'HOME'
(Sat on own in a quiet room)
As I sit here I feel like myself, I can do and say what I want and it won't
hurt anyone, [looks away] except myself.
(Fade to black)
(Sat in bedroom in the dark)
Sitting up here gives me time and space to think. I like thinking, can't
help thinking; saves me from hearing her day over and over. She doesn't
listen to me; never does, never has.
Don't know my dad he left when I was two or three. Don't know where he
lives, if he's alive. Not allowed any contact, always been like that.
[Looks outside] Schools good. I look at 'normal' families and wonder what
it's like to have someone who cares about you. I see other kids playing, I
think about going.
(Fade to black)
(Pitch black. Middle of the night. Small amount of light from window)
Couldn't sleep.
We have to move I don't understand what's going on. She won't tell me.
I have a bad feeling.
(Fade to black)
(In bedroom)
I kept asking her why we have to move. She says, "because we have to; now
don't ask any more."
I hate it when she's not honest. I know something's wrong.
But what?
[Starts to cry]
(Fade to black)
(In bedroom)
When I came home from school she said we have somewhere else to live and
we're moving tomorrow.
What? Where? Why? I asked all she said was get packing.
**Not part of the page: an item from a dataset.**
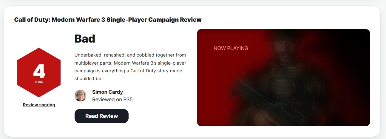 有遊戲,電影,工具等分類,滿分爲十分,總部以前有小數點,現在都是整數了。有許多分區,各自分區的評分也會不同(比如死亡擱淺IGN總部給了6.8分,IGN日本給了9分),現在IGN中國由騰訊運營。
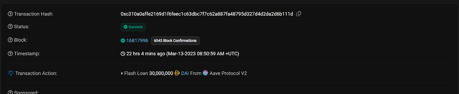 黑客创建了三个合约:一个主要的合约,然后是另外两个用于违规和清算的合约。他们从闪电贷协议 Aave 获得了一笔 3000 万 DAI 的闪电贷,并将其发送到违规合约。

So here I am. Just finished packing. That's my life [Nods towards one black
bin bag] there.
(Fade to black)
(Strange new room, New home)
Well, this is it. One room; shared bathroom in a council hostel. This means
I can't get away from her. It's plain, boring; looks dirty and has a musty,
mining smell.
I have nothing here.
(Fade to black)
("Home")
Been here two weeks. Not as bad as could be. I don't talk to anyone; barely
talk to her, she goes about each day as if nothings changed [pauses] but it
has.
I can't talk to anyone, I don't trust anyone.
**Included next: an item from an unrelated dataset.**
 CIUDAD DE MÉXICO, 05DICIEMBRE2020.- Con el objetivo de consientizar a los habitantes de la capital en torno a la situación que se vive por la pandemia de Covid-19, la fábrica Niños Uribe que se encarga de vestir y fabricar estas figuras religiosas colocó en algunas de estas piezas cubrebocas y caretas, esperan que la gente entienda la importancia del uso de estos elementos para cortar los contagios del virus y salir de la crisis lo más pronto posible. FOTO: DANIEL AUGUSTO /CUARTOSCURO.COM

I have to do everything. I hate it.
(Fade to black)
(Small office, open, light)
School doesn't know I've moved. School doesn't know a lot of things about
me. What do they know? They know I'm an only child, who lives with a single
mother.
[Focus on folder on table]
That's my school record. I'm not normally bad, [pause] they're calling
mother in. I hit a kid, and they want to get to the bottom of it.
(Fade to black)
(Another strange room)
I'd been waiting for about an hour, when a police car pulled round to the
main entrance. I didn't think anything of it. Another fifteen minuets past
when they came out with my teacher, they were headed towards me.
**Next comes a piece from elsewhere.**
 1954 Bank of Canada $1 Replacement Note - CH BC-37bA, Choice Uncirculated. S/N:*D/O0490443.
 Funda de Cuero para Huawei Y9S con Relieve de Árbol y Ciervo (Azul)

"What have I done? What's going on?" were the questions running through my
head as they approached.
They took me back into school to tell me they had some bad news.
The policewoman was very kind to me. She said I wasn't alone and people can
help, and people know how I feel. But how can someone know how I feel, they
are not ME.
(Fade to black)
(In new bedroom)
When I'm supposed to be doing homework I just stare out of the window into
the big wide world.
(Fade to black)
(Staring out of the bedroom window)
This is what I do most of the time; well at least I have someone who cares
for me. I was invited to a party today, I do have some friends now but they
don't know the real me.
(Fade to black)
(Dim light. Early morning. By railway track. No one on set only the voice)
Today is my day.
The day you die
Is the day you die inside.
Do you ever stop to notice
What you did inside
That person or this person.
Think about it,
The answer's no
I guess.
There was no point to my life
I had already died.
I died the day she killed herself.
I guess daughters do follow
In their mother's footsteps.
I know I won't be remembered
As me.
No one knew me.
They knew no one.
Watching people as I write this they don't know what I am about to do.